Extracted data entries

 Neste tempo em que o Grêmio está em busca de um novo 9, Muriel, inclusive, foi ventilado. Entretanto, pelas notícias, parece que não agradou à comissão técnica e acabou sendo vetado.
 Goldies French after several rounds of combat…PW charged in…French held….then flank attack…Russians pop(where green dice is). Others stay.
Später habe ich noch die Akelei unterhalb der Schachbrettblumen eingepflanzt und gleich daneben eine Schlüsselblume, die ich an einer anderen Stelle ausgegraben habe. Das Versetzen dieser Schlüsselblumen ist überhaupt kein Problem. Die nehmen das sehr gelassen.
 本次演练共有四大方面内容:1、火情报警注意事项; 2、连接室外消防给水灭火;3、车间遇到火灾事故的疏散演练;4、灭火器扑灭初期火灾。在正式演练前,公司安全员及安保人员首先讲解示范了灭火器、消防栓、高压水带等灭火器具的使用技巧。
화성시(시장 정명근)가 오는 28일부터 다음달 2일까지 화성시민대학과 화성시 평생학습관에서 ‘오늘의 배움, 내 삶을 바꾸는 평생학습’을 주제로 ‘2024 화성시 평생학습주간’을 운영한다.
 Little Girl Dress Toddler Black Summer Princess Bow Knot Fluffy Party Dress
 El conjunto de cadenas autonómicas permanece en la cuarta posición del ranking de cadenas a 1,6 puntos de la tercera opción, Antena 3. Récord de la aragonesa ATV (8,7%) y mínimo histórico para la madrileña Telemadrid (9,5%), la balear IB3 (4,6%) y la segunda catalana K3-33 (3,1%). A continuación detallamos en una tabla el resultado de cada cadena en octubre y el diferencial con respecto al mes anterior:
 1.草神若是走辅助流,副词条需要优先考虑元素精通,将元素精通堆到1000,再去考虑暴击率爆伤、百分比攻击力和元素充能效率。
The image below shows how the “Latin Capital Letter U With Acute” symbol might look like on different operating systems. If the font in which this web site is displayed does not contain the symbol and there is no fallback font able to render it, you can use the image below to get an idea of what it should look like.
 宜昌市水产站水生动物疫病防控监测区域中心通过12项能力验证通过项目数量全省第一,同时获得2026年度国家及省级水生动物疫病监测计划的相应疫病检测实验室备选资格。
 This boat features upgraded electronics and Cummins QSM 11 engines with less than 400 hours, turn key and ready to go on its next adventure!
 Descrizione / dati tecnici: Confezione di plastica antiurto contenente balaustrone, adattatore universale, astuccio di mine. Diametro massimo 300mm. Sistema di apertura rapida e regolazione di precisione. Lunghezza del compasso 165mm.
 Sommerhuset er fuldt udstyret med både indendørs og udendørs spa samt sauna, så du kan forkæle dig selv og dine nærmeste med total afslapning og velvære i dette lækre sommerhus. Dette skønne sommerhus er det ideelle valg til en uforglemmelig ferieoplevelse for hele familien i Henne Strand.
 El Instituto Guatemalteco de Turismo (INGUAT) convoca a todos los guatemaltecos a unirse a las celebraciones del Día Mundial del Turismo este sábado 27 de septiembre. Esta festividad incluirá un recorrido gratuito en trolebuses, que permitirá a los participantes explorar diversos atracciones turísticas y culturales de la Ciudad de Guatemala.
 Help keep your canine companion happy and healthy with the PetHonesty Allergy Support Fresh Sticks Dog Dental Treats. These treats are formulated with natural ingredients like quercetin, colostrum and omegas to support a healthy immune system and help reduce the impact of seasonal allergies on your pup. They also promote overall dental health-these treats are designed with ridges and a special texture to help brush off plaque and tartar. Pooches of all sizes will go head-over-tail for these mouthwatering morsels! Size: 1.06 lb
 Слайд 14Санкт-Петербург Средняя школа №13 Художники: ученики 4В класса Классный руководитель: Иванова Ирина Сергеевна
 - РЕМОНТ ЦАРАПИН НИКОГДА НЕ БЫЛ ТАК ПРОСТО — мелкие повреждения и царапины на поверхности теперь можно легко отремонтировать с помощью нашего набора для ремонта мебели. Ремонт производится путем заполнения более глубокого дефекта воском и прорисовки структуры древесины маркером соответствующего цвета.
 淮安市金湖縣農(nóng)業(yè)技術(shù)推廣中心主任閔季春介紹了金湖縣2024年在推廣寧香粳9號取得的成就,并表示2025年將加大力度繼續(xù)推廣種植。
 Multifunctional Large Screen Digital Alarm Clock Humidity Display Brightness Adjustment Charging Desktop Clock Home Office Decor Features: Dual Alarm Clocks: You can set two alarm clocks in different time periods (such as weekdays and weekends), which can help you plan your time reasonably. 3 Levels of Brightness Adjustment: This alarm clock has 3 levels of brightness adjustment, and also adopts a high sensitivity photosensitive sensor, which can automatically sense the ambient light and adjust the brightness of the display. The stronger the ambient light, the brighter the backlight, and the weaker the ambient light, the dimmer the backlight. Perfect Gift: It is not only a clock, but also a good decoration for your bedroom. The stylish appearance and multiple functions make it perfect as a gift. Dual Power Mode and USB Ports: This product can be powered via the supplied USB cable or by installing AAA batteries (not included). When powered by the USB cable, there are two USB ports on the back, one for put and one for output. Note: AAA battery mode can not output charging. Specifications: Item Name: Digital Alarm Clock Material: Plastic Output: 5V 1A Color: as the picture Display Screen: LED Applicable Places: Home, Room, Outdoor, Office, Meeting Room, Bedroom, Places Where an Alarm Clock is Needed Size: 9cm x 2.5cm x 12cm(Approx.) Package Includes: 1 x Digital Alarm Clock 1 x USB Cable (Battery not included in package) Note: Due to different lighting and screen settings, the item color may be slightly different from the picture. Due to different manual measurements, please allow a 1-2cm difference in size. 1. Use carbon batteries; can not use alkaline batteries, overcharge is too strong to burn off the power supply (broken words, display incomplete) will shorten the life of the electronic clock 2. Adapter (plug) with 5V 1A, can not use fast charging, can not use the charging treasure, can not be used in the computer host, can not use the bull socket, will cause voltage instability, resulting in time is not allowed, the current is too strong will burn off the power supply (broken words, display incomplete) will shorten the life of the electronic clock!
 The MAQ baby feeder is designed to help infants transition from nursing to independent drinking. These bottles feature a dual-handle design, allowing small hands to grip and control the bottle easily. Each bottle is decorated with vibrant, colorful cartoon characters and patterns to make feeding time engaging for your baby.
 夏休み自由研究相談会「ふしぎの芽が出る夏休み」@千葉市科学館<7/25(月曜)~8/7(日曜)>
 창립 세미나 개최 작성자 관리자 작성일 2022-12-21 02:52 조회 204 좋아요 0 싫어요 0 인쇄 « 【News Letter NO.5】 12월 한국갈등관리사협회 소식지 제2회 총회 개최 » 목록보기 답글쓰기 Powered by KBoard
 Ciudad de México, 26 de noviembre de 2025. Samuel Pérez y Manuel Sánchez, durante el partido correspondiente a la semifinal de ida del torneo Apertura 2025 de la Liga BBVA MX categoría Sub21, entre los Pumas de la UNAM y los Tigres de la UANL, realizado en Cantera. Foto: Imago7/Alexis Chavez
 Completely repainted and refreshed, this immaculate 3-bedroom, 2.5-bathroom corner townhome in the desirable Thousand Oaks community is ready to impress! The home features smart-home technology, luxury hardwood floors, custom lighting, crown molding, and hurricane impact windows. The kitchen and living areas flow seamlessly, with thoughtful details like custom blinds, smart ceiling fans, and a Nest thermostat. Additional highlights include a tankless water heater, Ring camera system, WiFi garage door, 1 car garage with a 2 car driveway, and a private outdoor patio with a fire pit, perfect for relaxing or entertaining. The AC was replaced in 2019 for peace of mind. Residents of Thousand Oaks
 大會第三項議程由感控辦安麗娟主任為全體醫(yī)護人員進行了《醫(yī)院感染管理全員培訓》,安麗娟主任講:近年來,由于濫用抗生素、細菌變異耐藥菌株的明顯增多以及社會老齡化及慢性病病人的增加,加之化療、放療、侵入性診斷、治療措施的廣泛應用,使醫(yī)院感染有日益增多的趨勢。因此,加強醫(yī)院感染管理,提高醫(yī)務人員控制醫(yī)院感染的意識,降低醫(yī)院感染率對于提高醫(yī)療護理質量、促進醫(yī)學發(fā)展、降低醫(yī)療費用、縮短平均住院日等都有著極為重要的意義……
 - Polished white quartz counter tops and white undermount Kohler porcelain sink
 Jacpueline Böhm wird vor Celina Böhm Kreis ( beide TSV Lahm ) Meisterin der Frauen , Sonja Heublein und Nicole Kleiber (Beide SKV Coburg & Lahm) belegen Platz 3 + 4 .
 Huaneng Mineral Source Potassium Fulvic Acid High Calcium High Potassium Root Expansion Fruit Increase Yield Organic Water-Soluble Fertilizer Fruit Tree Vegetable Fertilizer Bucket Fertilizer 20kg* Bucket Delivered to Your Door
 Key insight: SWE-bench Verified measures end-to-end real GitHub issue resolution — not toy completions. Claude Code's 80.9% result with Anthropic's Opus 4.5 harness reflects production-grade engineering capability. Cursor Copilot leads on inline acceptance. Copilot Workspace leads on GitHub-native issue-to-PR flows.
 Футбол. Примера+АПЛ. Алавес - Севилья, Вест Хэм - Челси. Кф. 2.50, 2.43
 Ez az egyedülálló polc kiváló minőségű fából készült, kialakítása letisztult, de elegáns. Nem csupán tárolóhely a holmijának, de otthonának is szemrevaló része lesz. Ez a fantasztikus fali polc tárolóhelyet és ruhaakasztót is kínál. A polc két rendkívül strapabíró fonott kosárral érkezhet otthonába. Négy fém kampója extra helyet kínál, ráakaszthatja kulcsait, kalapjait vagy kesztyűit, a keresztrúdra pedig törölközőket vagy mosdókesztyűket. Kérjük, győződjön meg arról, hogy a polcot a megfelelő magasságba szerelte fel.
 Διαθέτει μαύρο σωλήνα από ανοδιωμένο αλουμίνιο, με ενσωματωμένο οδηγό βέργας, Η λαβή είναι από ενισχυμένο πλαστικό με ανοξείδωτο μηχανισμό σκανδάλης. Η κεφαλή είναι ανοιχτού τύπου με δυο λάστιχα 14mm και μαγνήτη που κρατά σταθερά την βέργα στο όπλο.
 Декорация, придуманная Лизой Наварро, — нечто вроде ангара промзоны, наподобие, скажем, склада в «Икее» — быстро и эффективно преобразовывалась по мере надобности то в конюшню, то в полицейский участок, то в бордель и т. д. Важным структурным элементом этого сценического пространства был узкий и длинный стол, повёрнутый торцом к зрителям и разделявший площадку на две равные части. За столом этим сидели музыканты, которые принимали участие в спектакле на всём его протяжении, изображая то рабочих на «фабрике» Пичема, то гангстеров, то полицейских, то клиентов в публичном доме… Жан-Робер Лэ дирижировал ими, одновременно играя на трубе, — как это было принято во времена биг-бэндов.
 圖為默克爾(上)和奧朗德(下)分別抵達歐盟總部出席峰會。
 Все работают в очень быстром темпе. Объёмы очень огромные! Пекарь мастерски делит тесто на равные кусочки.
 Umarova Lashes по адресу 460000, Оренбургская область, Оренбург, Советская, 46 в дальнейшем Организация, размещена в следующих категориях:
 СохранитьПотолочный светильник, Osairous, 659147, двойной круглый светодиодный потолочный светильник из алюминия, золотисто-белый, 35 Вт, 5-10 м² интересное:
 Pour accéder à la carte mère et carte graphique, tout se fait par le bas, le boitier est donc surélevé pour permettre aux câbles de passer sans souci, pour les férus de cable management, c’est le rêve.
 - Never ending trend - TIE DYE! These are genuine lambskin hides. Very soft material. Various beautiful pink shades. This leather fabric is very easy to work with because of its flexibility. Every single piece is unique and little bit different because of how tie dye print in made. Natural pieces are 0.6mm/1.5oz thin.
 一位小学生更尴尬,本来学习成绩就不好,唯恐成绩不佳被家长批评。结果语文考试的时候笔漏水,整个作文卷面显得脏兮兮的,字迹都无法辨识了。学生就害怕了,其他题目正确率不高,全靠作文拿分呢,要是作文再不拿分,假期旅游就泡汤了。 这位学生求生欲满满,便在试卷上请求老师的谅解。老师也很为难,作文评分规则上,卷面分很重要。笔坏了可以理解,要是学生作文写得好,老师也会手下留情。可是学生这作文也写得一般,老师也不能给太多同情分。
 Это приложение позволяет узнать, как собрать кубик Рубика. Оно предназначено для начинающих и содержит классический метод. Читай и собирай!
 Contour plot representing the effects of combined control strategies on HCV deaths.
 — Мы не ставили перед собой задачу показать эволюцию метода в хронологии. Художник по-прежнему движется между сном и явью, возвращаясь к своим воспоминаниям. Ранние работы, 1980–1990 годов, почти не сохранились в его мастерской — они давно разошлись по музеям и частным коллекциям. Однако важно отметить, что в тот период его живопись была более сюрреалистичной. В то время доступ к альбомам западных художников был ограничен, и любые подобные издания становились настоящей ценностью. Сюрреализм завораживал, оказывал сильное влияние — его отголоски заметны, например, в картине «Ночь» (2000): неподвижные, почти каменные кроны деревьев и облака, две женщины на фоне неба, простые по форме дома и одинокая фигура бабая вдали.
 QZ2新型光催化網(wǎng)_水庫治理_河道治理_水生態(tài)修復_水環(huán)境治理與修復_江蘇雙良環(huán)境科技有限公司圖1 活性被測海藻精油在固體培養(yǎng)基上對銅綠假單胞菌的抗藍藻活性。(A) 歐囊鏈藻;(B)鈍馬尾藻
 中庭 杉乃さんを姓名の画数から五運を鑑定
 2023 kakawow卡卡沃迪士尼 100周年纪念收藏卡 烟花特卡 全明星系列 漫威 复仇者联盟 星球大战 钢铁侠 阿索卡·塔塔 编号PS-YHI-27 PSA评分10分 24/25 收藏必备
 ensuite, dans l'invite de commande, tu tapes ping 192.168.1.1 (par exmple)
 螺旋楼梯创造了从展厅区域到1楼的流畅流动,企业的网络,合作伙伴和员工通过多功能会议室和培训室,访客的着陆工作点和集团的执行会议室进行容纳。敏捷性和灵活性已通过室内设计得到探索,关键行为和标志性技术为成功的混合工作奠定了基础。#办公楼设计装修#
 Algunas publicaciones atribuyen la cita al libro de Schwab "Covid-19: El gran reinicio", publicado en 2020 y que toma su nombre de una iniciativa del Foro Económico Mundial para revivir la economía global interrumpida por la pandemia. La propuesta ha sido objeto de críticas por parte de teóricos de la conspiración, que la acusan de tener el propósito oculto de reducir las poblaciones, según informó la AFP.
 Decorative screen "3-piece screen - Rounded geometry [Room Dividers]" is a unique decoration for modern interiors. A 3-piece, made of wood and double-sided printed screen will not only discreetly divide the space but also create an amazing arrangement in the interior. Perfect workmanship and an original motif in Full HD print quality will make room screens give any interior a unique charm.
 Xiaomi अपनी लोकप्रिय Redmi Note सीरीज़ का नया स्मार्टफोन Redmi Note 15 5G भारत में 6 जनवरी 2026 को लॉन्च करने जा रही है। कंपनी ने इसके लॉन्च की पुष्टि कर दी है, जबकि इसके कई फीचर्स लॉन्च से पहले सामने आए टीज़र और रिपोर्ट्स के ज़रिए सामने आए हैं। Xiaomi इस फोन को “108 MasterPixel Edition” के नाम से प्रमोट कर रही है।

(Exercise objective)
Nothing should appear in the answer except the lines above from the line with "Слайд 14Санкт-Петербург Средняя" through the line with "淮安市金湖縣農(nóng)業", both included, written out exactly.

(Task solution)
 Слайд 14Санкт-Петербург Средняя школа №13 Художники: ученики 4В класса Классный руководитель: Иванова Ирина Сергеевна
 - РЕМОНТ ЦАРАПИН НИКОГДА НЕ БЫЛ ТАК ПРОСТО — мелкие повреждения и царапины на поверхности теперь можно легко отремонтировать с помощью нашего набора для ремонта мебели. Ремонт производится путем заполнения более глубокого дефекта воском и прорисовки структуры древесины маркером соответствующего цвета.
 淮安市金湖縣農(nóng)業(yè)技術(shù)推廣中心主任閔季春介紹了金湖縣2024年在推廣寧香粳9號取得的成就,并表示2025年將加大力度繼續(xù)推廣種植。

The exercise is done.